** Work instructions **
Look in the material below for the line with "Customake(カスタメ" and the line with "그리거 김돈이가 좋은이유는", then set down exactly those two lines and all lines between, nothing more.

** Given records **
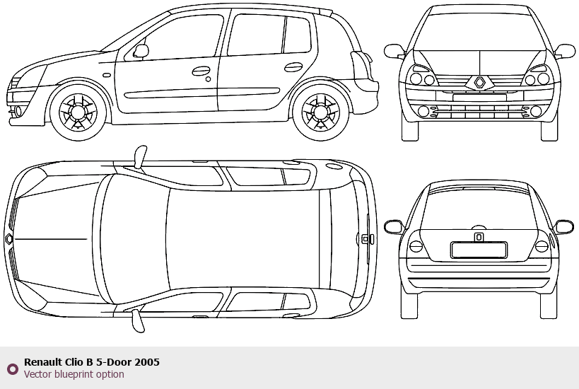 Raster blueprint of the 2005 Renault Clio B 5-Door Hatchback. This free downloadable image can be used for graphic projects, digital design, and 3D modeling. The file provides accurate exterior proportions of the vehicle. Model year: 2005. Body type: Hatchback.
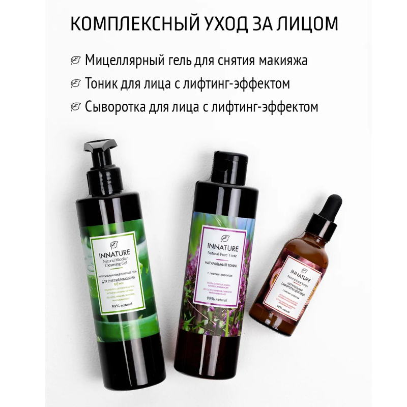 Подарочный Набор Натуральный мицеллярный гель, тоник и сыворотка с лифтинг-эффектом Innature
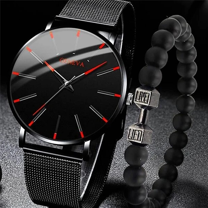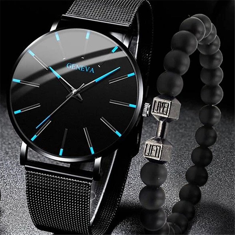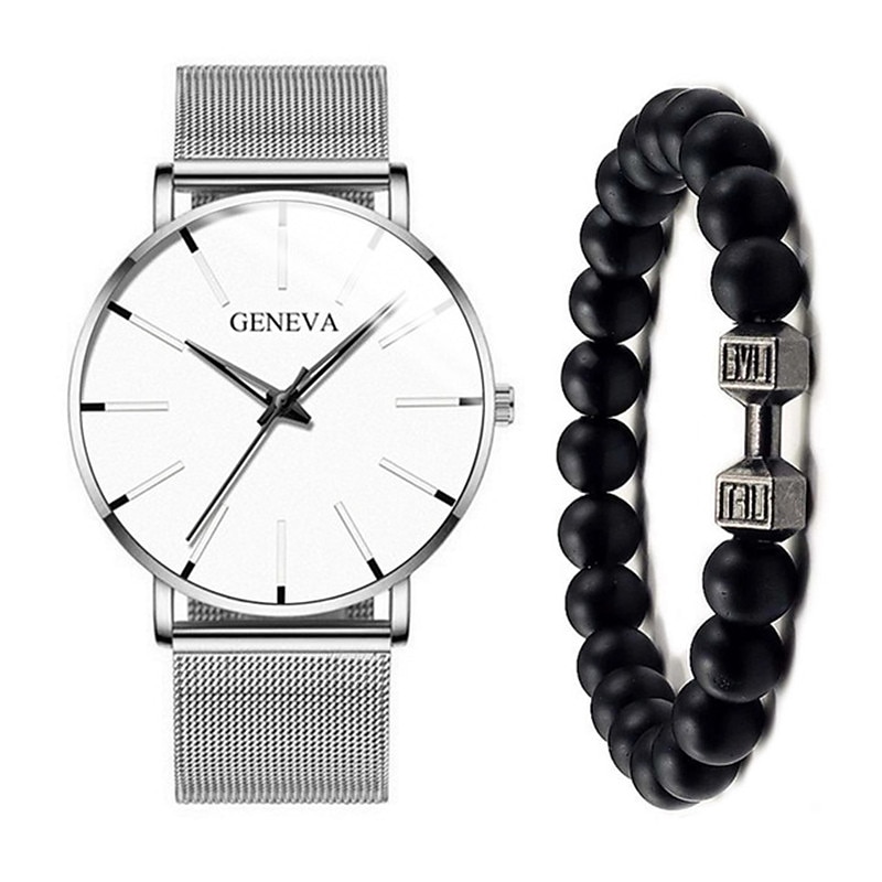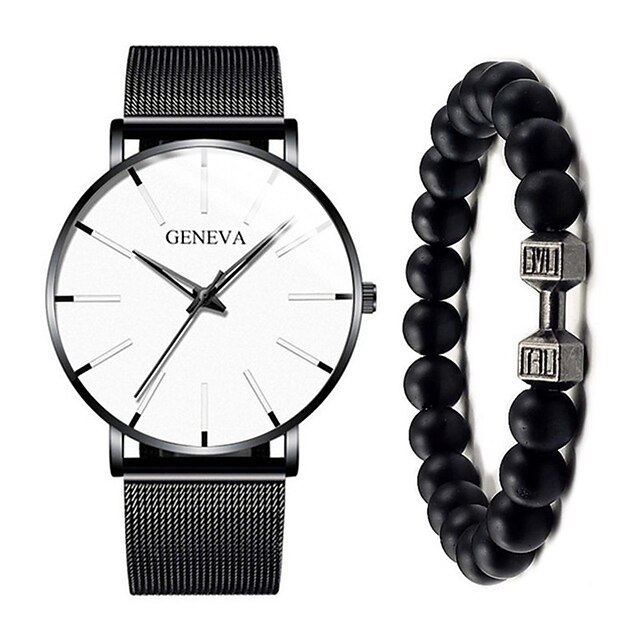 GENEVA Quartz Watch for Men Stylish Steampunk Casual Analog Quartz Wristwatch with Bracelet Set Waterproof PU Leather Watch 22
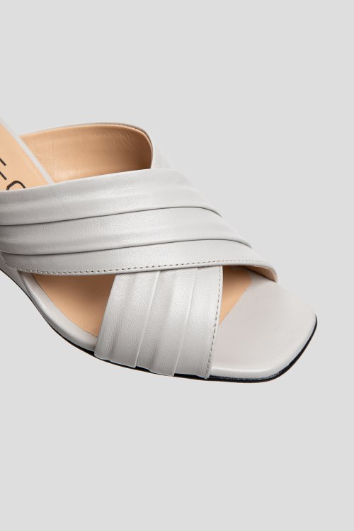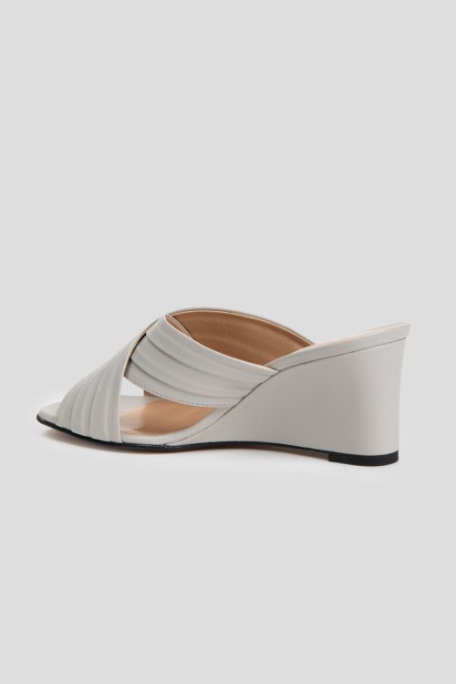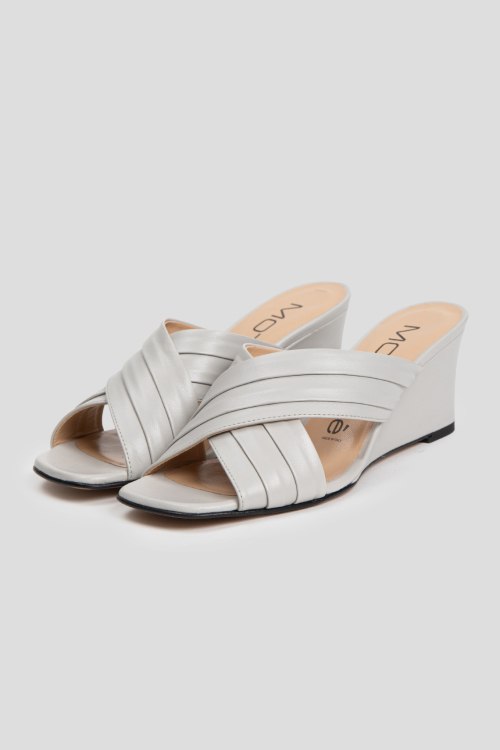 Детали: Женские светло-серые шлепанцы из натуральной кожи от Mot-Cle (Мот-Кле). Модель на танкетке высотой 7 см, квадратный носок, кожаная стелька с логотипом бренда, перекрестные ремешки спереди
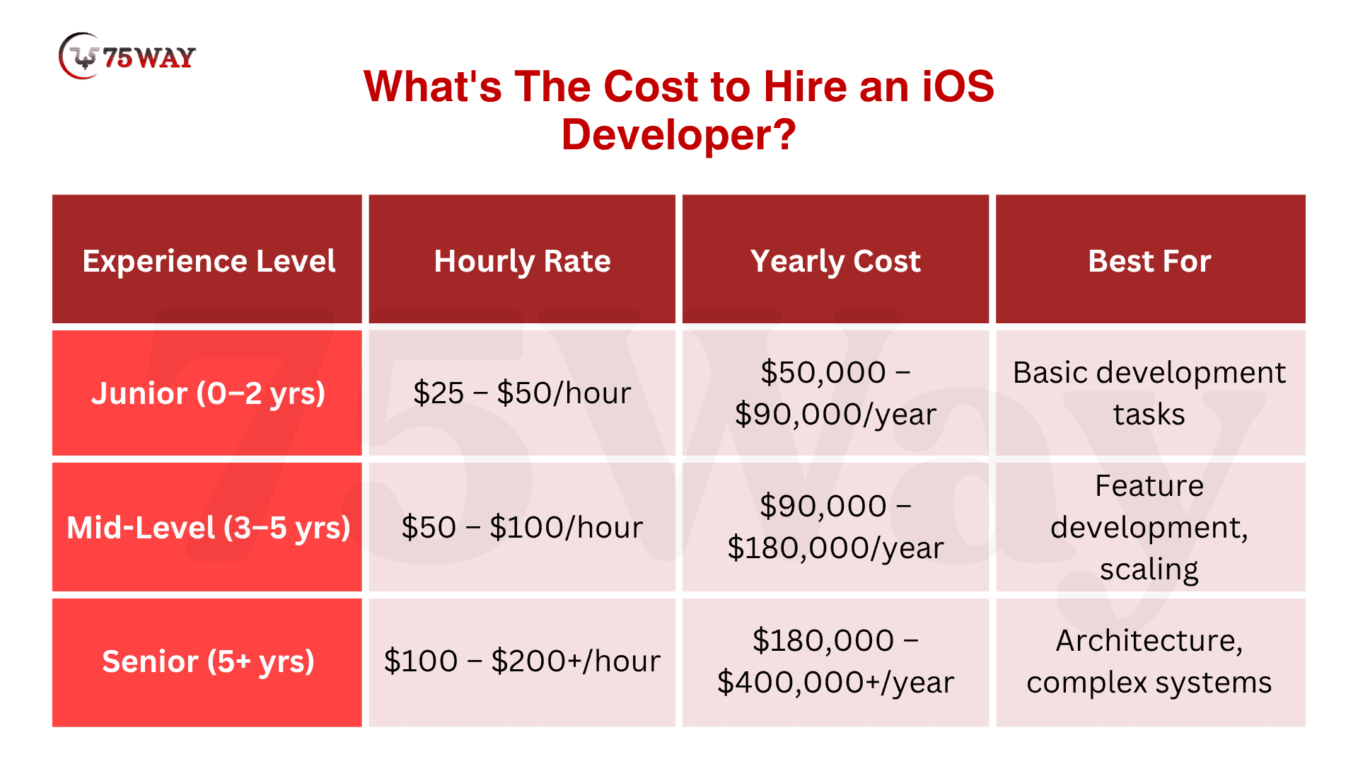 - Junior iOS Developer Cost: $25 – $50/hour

...

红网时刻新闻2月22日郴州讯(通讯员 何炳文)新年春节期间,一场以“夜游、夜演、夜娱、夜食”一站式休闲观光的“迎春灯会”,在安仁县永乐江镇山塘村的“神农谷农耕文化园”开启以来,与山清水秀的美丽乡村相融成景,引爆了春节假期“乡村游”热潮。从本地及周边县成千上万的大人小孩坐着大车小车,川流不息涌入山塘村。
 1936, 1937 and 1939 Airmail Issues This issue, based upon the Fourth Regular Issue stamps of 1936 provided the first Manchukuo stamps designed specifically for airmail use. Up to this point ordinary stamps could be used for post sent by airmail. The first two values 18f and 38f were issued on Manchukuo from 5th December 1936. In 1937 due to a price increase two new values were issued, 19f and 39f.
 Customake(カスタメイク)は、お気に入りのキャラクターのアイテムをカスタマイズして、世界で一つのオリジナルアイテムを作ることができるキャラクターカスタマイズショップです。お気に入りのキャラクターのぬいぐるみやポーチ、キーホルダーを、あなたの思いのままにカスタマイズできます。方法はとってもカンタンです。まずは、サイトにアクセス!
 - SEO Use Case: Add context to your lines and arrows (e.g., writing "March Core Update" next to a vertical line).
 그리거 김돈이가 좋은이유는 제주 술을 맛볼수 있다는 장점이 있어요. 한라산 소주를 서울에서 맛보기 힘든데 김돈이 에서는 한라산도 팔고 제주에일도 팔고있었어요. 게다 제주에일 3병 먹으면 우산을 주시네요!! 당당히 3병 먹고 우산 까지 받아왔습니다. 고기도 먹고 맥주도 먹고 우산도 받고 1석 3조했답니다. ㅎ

--

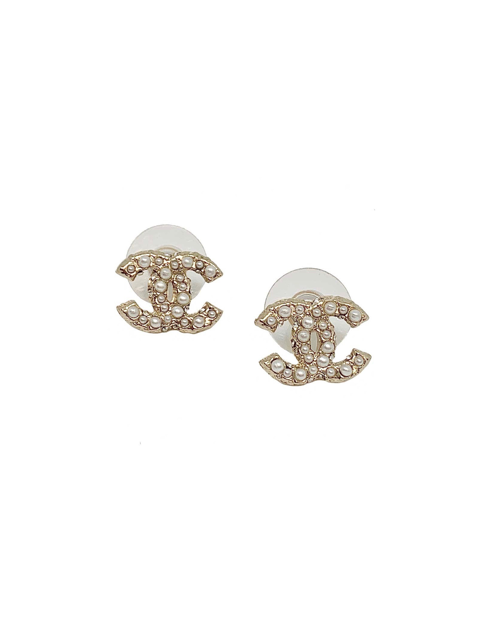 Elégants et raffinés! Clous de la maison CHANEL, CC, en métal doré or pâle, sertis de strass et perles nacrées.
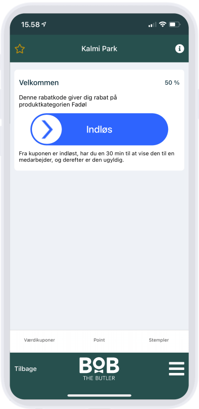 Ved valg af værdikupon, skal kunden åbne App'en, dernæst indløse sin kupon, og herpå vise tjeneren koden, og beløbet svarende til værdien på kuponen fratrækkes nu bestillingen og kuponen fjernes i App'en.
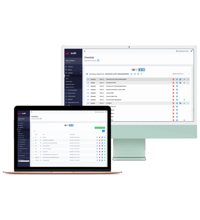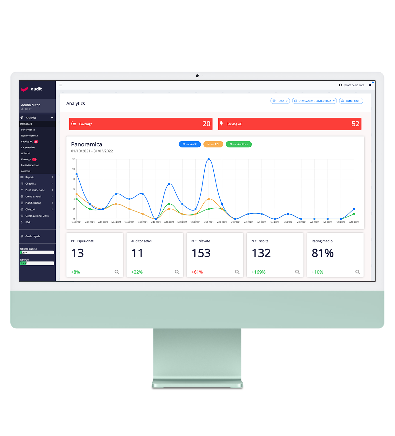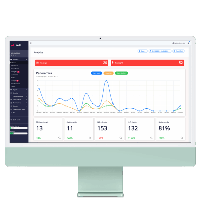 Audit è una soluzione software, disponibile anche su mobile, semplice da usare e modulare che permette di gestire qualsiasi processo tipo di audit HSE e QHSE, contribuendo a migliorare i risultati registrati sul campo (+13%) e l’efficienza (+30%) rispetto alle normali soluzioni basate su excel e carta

** Solution to this problem **
 Customake(カスタメイク)は、お気に入りのキャラクターのアイテムをカスタマイズして、世界で一つのオリジナルアイテムを作ることができるキャラクターカスタマイズショップです。お気に入りのキャラクターのぬいぐるみやポーチ、キーホルダーを、あなたの思いのままにカスタマイズできます。方法はとってもカンタンです。まずは、サイトにアクセス!
 - SEO Use Case: Add context to your lines and arrows (e.g., writing "March Core Update" next to a vertical line).
 그리거 김돈이가 좋은이유는 제주 술을 맛볼수 있다는 장점이 있어요. 한라산 소주를 서울에서 맛보기 힘든데 김돈이 에서는 한라산도 팔고 제주에일도 팔고있었어요. 게다 제주에일 3병 먹으면 우산을 주시네요!! 당당히 3병 먹고 우산 까지 받아왔습니다. 고기도 먹고 맥주도 먹고 우산도 받고 1석 3조했답니다. ㅎ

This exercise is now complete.